Robust IRD is equal to Phi, which is a respected Pearson correlation for a 2 × 2 table, as well as Cohen’s Kappa and Cramer’s V (Parker et al. 2011). By using software to run the analyses, one can obtain confidence intervals (CIs) and p values. Robust IRD has also been applied in single-case meta-analyses (Ganz, Parker, and Benson 2009; Vannest et al. 2010a; 2010b). Parker et al. (2009) loosely proposed criteria of Robust IRD scores at .50 and below as very small or questionable, .50 to .70 as moderate effects, and .70 and greater as large and very large.

Robust IRD can be confounded by positive baseline trend (Parker et al. 2009). Thirty data sets from this meta-analysis were randomly selected for visual analysis to determine if positive baseline trends may skew the results. Less than 5 % of the 30 data sets had positive base line trend. This meta-analysis therefore utilized Robust IRD for all effect size measures. Robust IRD was calculated by contrasting baseline with intervention phases for each single-case design. The major designs used in the studies reviewed were multiple baseline designs and ABAB. For all comparisons, this meta-analysis compared the first baseline with the first phase of intervention (A1 to B1). In the case of multiple baseline designs, the data from each level of the design were analyzed by comparing the baseline to the first phase of intervention. In the case of ABAB designs, A1 was compared to B1. The remaining data (A2 and B2 in the case of a withdrawal design) were excluded due to the occasional use of ABAB designs embedded within multiple baseline designs to demonstrate maintenance rather than reversal. Additionally, comparisons from baseline to generalization or maintenance were computed to ensure that all relevant data were accounted for within each potential moderating variable.

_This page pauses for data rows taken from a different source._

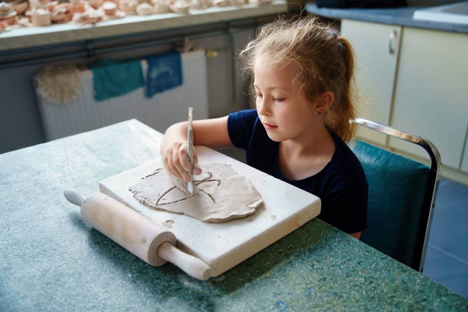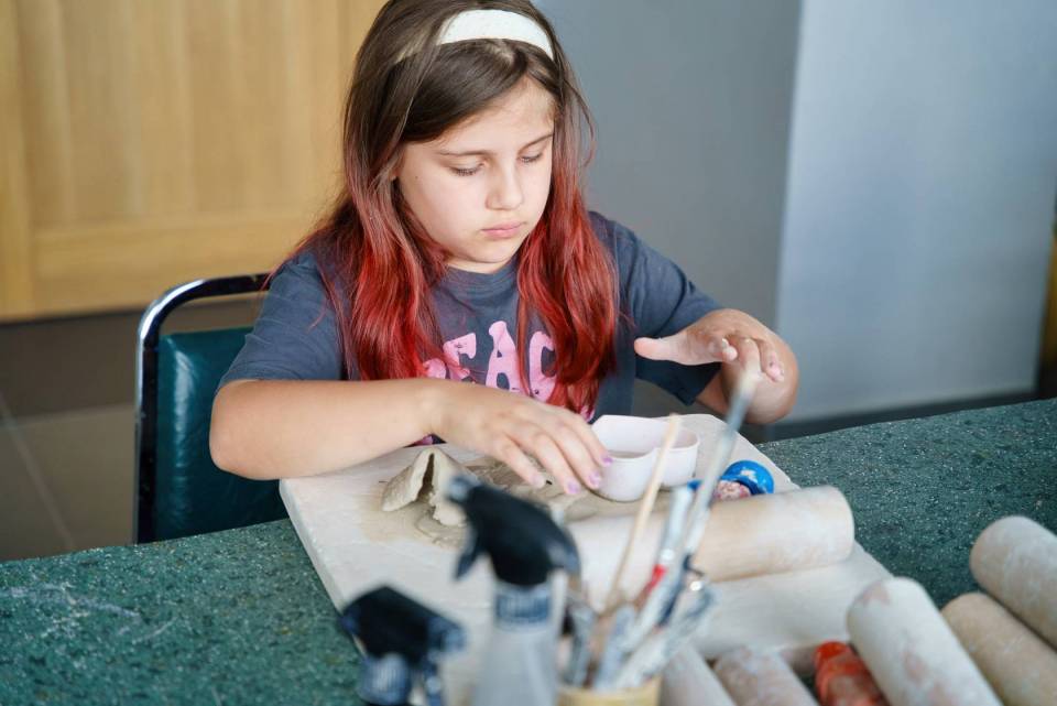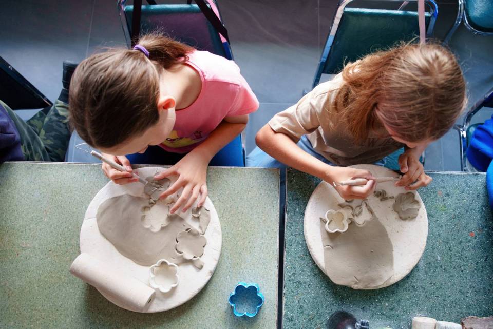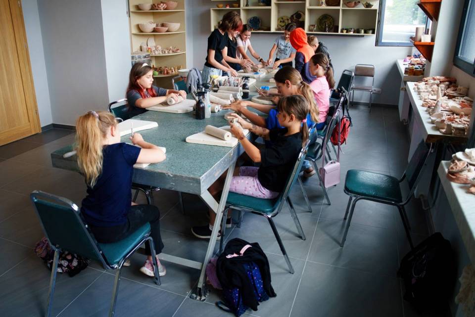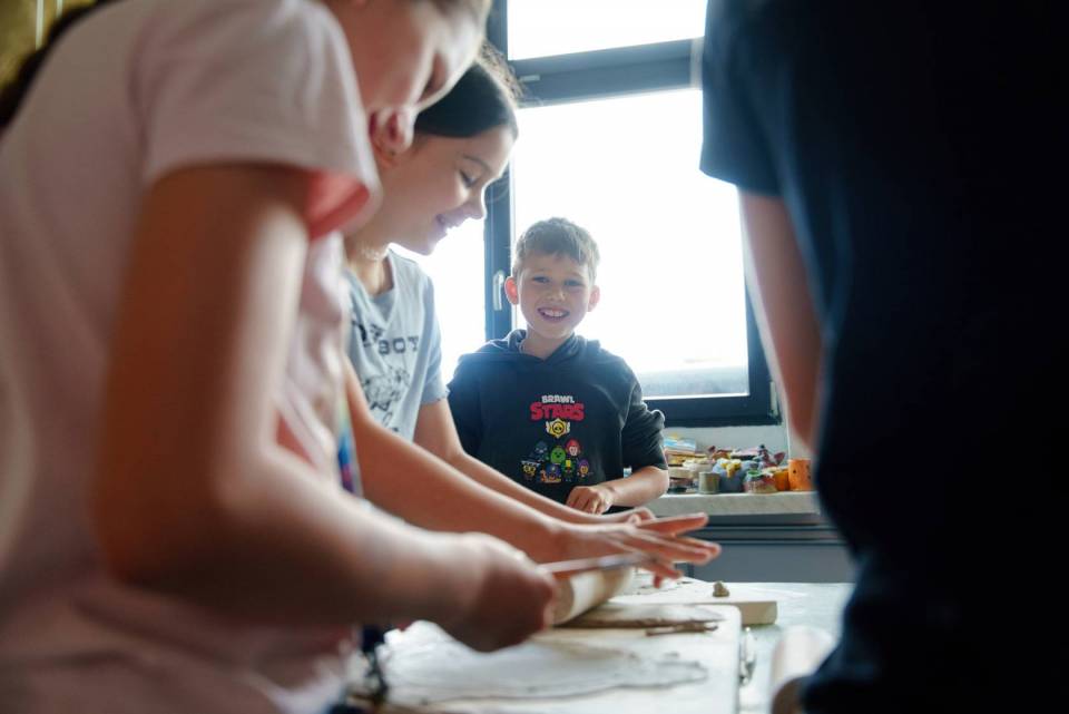 Na zdjęciach: dzieci podczas pierwszych wakacyjnych warsztatów garncarskich i teatralnych w Centrum Kultury i Sztuki w Skierniewicach.
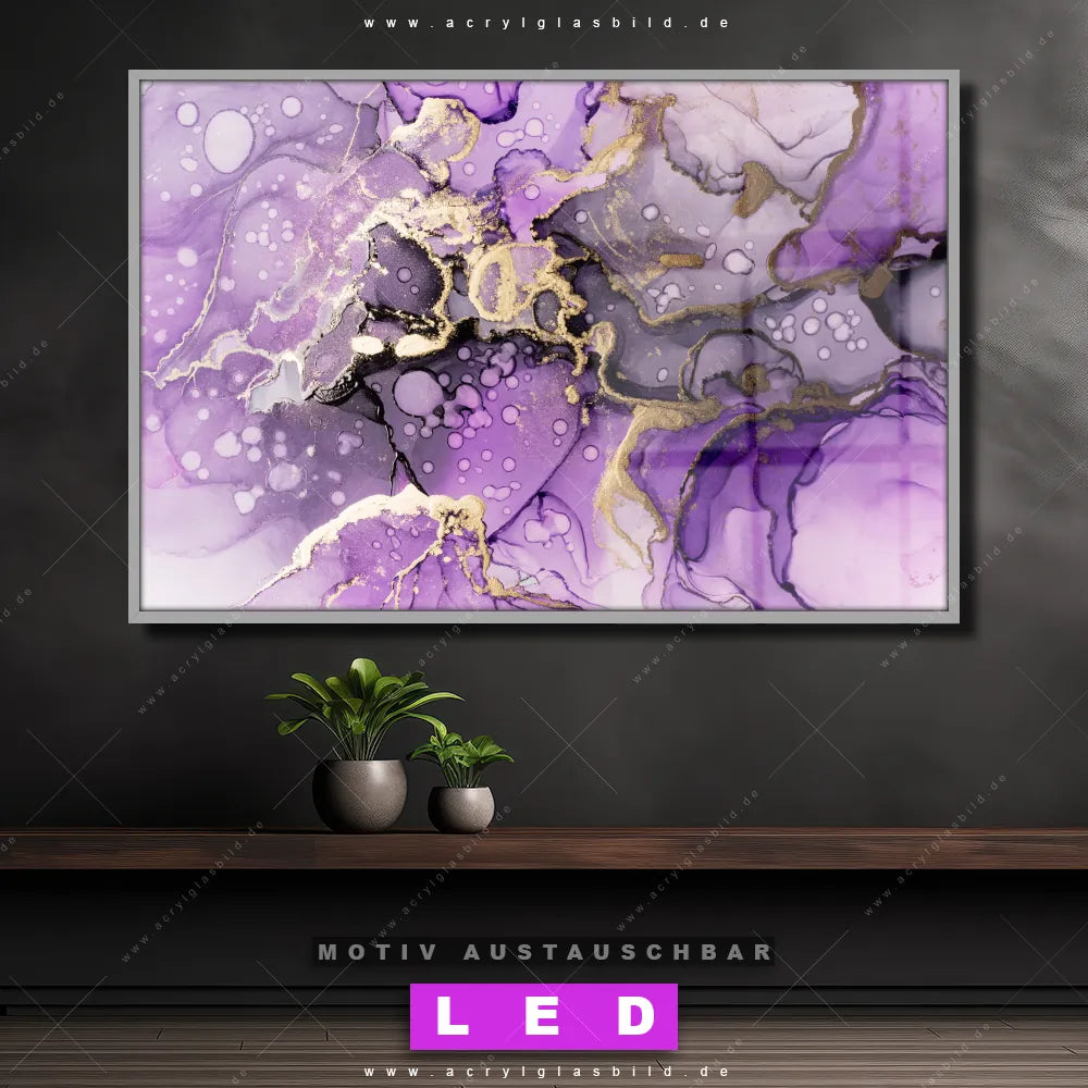 Mit unserem LED Acrylglasbild Canvalight® DIA Fluid Painting lila-gold und seiner genialen LED-Ausleuchtung wirst du nie wieder im Dunkeln auf deinem Sofa herumtappen. Wenn du nach einem beleuchteten Wandbild aus Acrylglas mit Flüssigkeit, Acryl, flüssig, Farbe, Marmorierung, Tinte, Alkohol, Fluid Art für Arzt - Praxis, Büro - Kanzlei, Wohnzimmer - Schlafzimmer, Bar - Gastronomie, Friseur - Beauty suchst, ist unser LED Leuchtbild fließende Farben lila-gold in den beeindruckenden Motiv-Farben Gold, Lila, Schwarz genau das richtige beleuchtete Wandbild für dich. Gestaltet im Abstrakt, Modern Art Stil, passt dieses LED Wandbild mit DIA-Klapprahmen und glänzender Front aus Acrylglas perfekt zu jedem Einrichtungsstil – sogar zu deinem chaotischen kreativen Durcheinander!
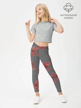 Леггинсы для девочки / Цветы айвы на сером фоне
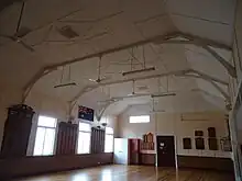 The hall is a single open space with six visible trusses spanning the width of the room. The truss members are curved in form and are rounded where the supports meet the main members. Five rows of ceiling panels are fixed between the truss members with a symmetrical geometric pattern being formed by banding over panel joints which continues down the height of the walls. This geometry complements that of the windows located at the front of the space and corresponds to the fenestration that runs the length of the hall. The second and fourth ceiling panels have patterned ceiling vents at their centres.

Robust IRD scores were combined to determine the effectiveness of FCT overall. Robust IRD calculations were also combined according to each level of the potential moderating variables to answer the questions posed in this research study. The data were processed using Number Cruncher Statistical Software (NCSS, Hintze, 2002), a common statistical analysis program. NCSS has a built-in meta-analyses algorithm that is able to calculate an average ES. It does this by applying weights to each study’s ES based on the inverse of the standard error.

Fixed Effect Size Model

A fixed effect size model was used when calculating the Robust IRDs because it is reasonable to assume that there is one true effect that can be determined through a review of the existing data (Borenstein et al. 2009). In a fixed effects model, all error is due to sampling and with an infinite number of samples the true effect can be found (Borenstein, Hedges, Higgins, and Rothstein 2009). Each study included in this meta-analysis applied the same treatment, FCT. In each study, the goal of the intervention was to decrease challenging behavior by increasing appropriate communicative responses. If FCT is an effective intervention, there should be one true effect observed in every study that utilized FCT. This meta-analysis was interested in determining the true effect of FCT, and therefore the fixed effects model was used.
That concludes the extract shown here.